_Problem to solve_.
The data below should be restated word for word, pictures omitted.

_Information provided_.
• • •

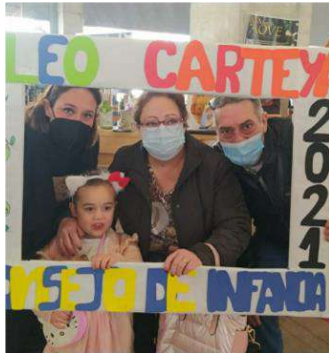
PHOTOCALL CREADO POR CONSEJO DE INFANCIA Y ADOLESCENCIA PARA OLEOCARTEYA 2021.
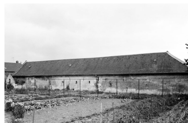
Etable et remise. Elévations extérieures, du côté droit de la cour.
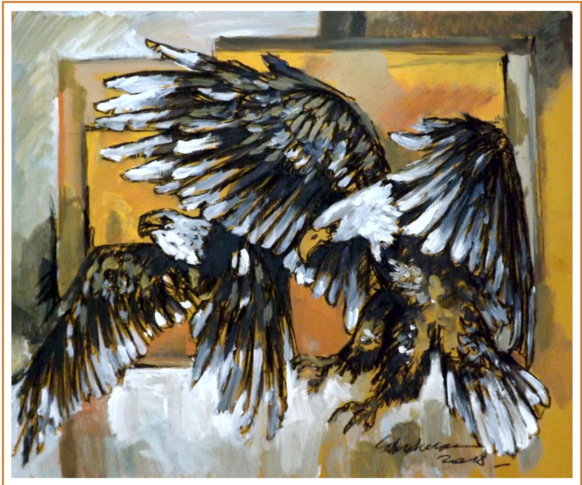
Lecții de zbor I, 2018 tehnică mixtă pe carton, 80/60 cm

• • •

_Result of this task_.
PHOTOCALL CREADO POR CONSEJO DE INFANCIA Y ADOLESCENCIA PARA OLEOCARTEYA 2021.
Etable et remise. Elévations extérieures, du côté droit de la cour.
Lecții de zbor I, 2018 tehnică mixtă pe carton, 80/60 cm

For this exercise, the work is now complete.